Return all of the data verbatim, dropping any picture.

··· Information provided

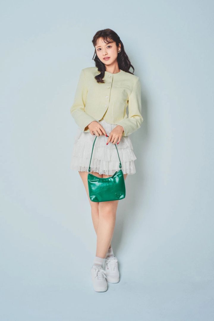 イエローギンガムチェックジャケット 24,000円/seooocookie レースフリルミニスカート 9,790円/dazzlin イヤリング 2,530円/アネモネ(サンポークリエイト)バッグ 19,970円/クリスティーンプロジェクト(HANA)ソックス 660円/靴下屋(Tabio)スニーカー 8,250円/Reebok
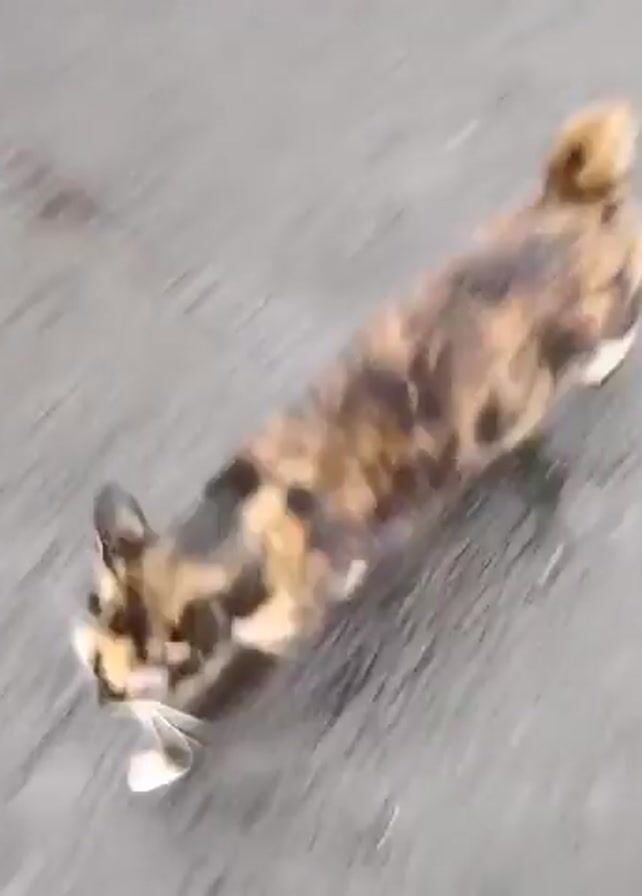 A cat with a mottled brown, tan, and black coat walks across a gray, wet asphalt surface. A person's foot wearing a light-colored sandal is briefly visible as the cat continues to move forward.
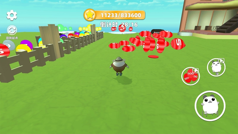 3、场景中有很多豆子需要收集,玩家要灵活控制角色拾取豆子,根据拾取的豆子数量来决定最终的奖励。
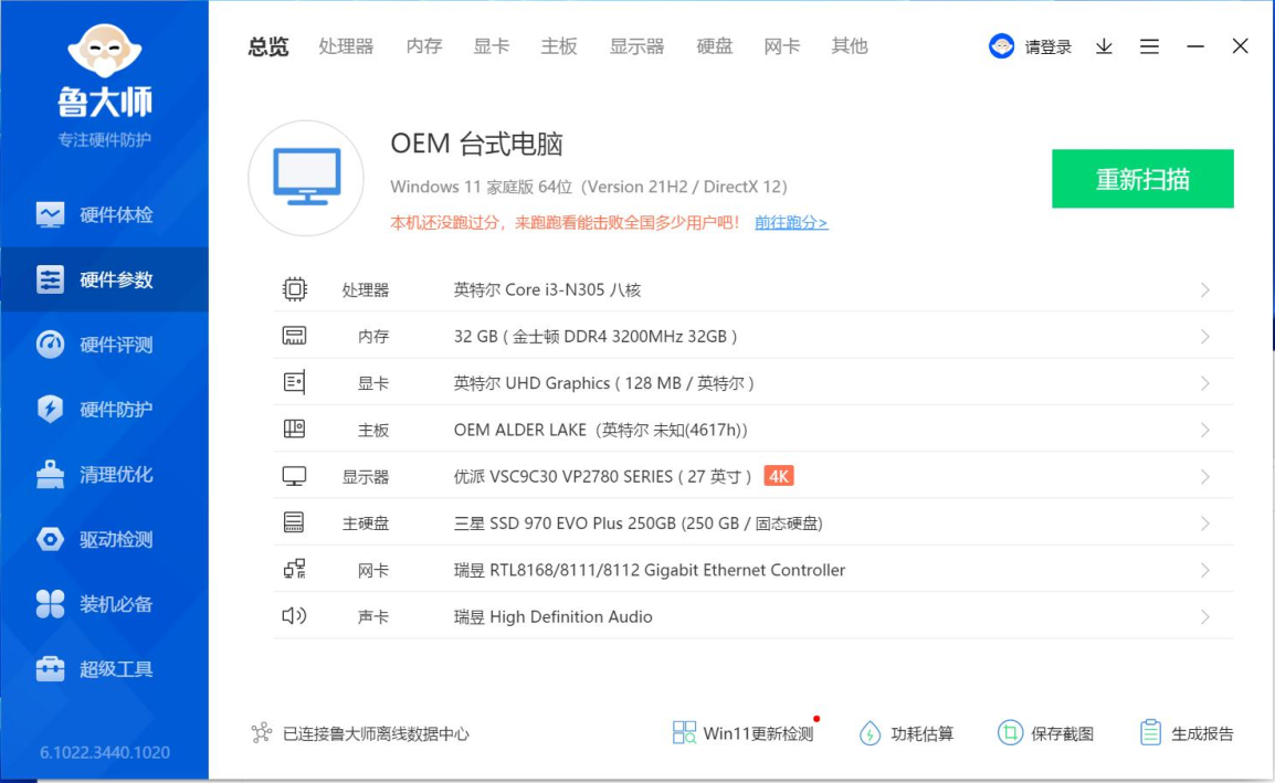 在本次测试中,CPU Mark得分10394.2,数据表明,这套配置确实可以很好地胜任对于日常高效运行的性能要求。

······

### Solution
 イエローギンガムチェックジャケット 24,000円/seooocookie レースフリルミニスカート 9,790円/dazzlin イヤリング 2,530円/アネモネ(サンポークリエイト)バッグ 19,970円/クリスティーンプロジェクト(HANA)ソックス 660円/靴下屋(Tabio)スニーカー 8,250円/Reebok
 A cat with a mottled brown, tan, and black coat walks across a gray, wet asphalt surface. A person's foot wearing a light-colored sandal is briefly visible as the cat continues to move forward.
 3、场景中有很多豆子需要收集,玩家要灵活控制角色拾取豆子,根据拾取的豆子数量来决定最终的奖励。
 在本次测试中,CPU Mark得分10394.2,数据表明,这套配置确实可以很好地胜任对于日常高效运行的性能要求。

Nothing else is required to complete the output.